Wir haben als Nadeshda Hilfe sofort reagiert und eine erste Summe für die fünf Orte, in denen unsere befreundeten Pastoren ihren Dienst tun, überwiesen. Aber das ist für die nächsten Wochen nur ein Anfang.
Und jetzt? Täglich sehen wir die erschütternden Bilder aus den Krankenhäusern in Italien und Spanien. Wir sehen kaum noch Bilder von den Flüchtlingen an der türkisch-griechischen Grenze oder aus den Lagern in Syrien oder eben aus Ländern wie Bulgarien oder Rumänien. Ärzte und Ärztinnen, Pfleger und Pflegerinnen geben überall ihr Bestes und riskieren ihr Leben.
Wir wissen auch nicht, wie sich die Krise bei uns weiter entwickeln wird. Bei aller Not und Sorge und bei all den immensen Herausforderungen durch diesen Virus können wir dennoch dankbar sein, in einem Land mit einem guten Sozial- und Gesundheitssystem zu leben.
Durch Corona werden nun gerade wieder Menschen in den Ländern am härtesten getroffen, die auch sonst schon unter viel schwereren Bedingungen zu leben haben.
Deshalb bitte ich Sie und Euch: Lasst uns da helfen, wo die Not am größten ist. Gerade jetzt sind wir gefragt, so wie wir können, zu teilen und den Menschen vor Ort zu helfen. Wir garantieren wie immer, dass jeder Euro direkt vor Ort ankommt.
Unser Ziel ist es, in den nächsten vier Wochen weitere 1000 Lebensmitteltaschen verteilen zu können. Das ist für 1000 Menschen Hilfe für einen ganzen Monat. Ein großer Wunsch.
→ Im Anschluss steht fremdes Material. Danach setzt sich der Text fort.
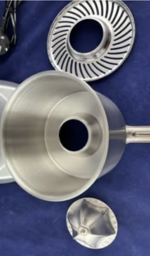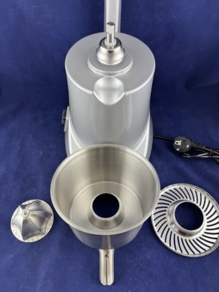 Корпус обладнання виконаний із кислотостійкого литого алюмінію, конус, решітки, насадки та контейнер для соку виготовлені із харчової високоякісної нержавіючої сталі.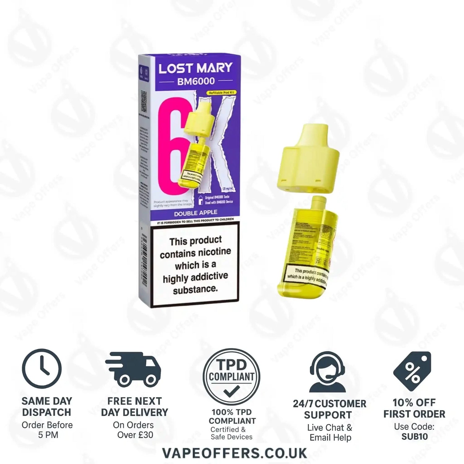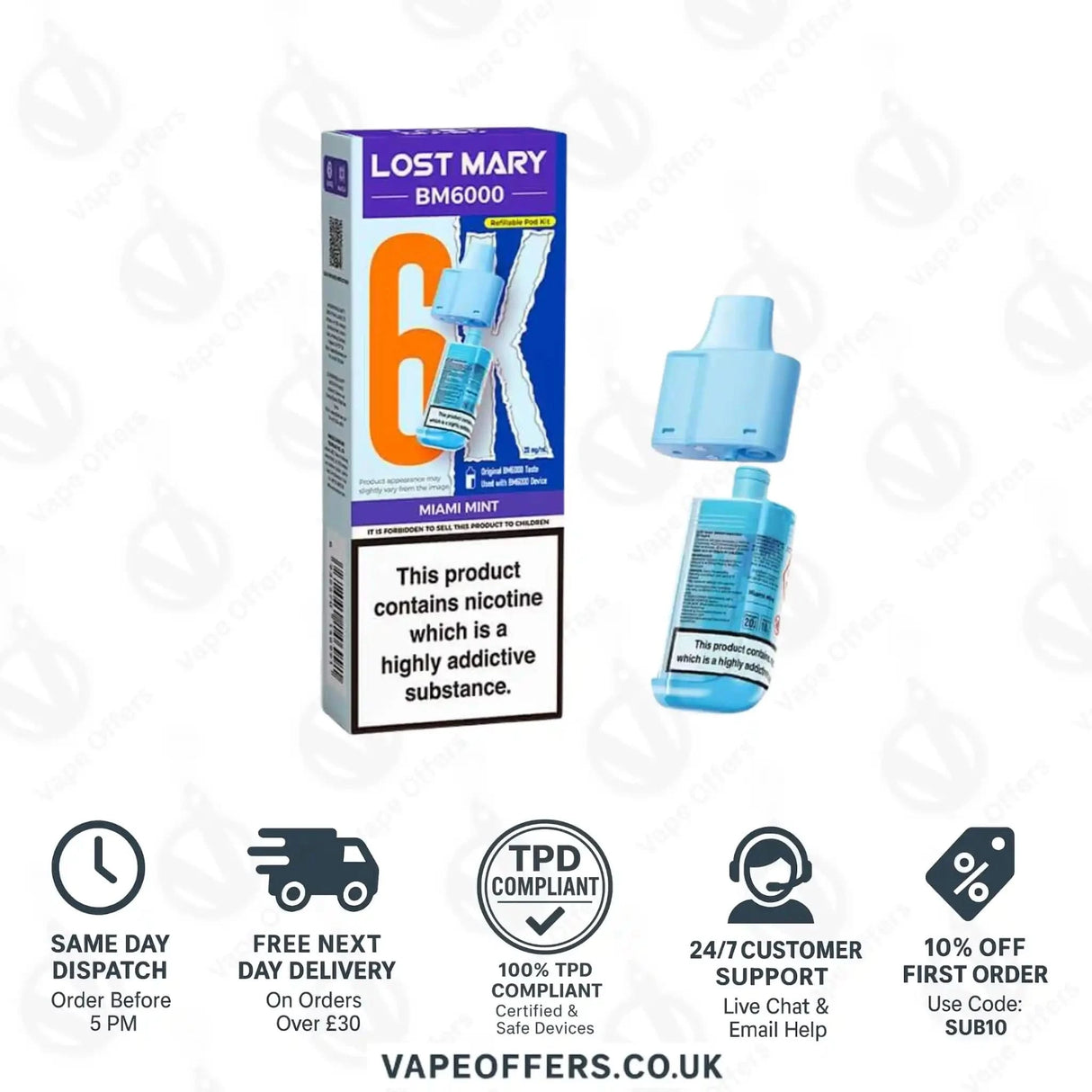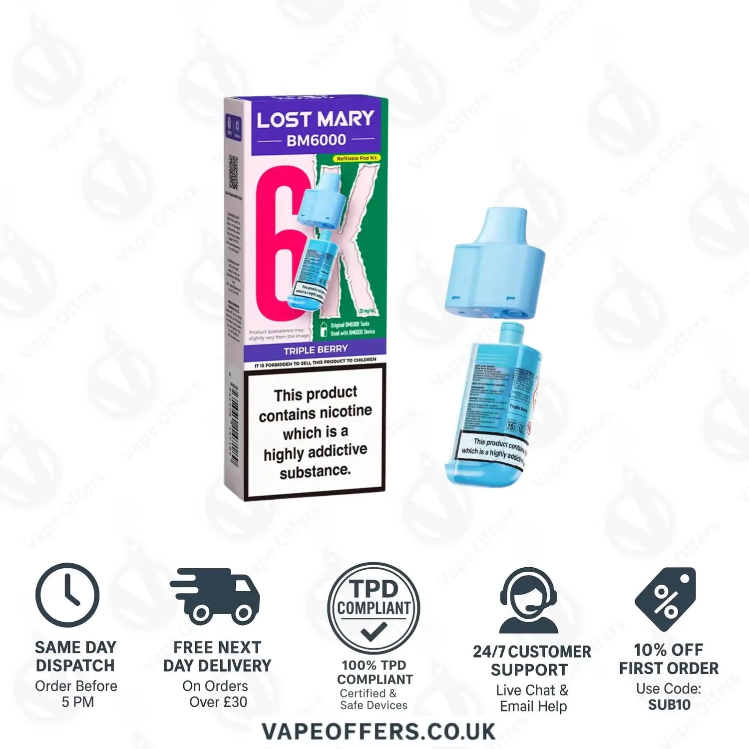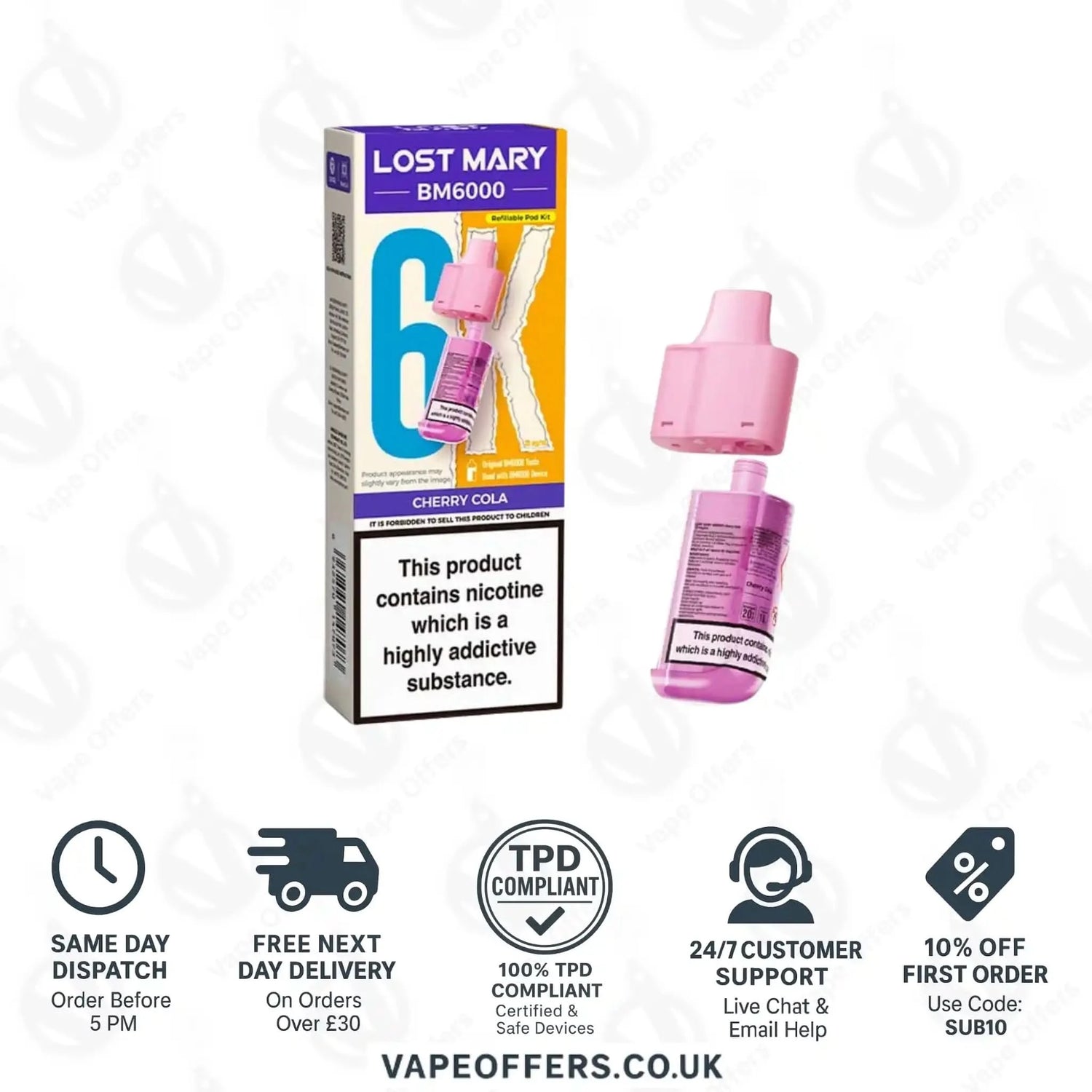 The Lost Mary BM6000 Prefilled Pods are rated for up to 6000 puffs with the BM6000 Kit, offering excellent value compared to disposables.

Aber ich bin sehr zuversichtlich, dass wir mit Ihrer und Eurer Hilfe die dafür benötigten Finanzen zusammen bekommen. Bitte geben Sie und gebt Ihr diese Informationen auch gerne im Bekanntenkreis weiter.
Wir gehen auf Karfreitag und Ostern zu. Wir haben einen Gott, der das Leid kennt, und der uns in unserer Not nicht allein lässt. Unser Vertrauen darf von Ostern her sein: In Jesus und seiner Auferstehung ist das Leben stärker als aller Tod und jede Not.
Ich wünsche jedem von uns diese Erfahrung des Glaubens. Bleiben Sie und bleibt Ihr behütet und gesund.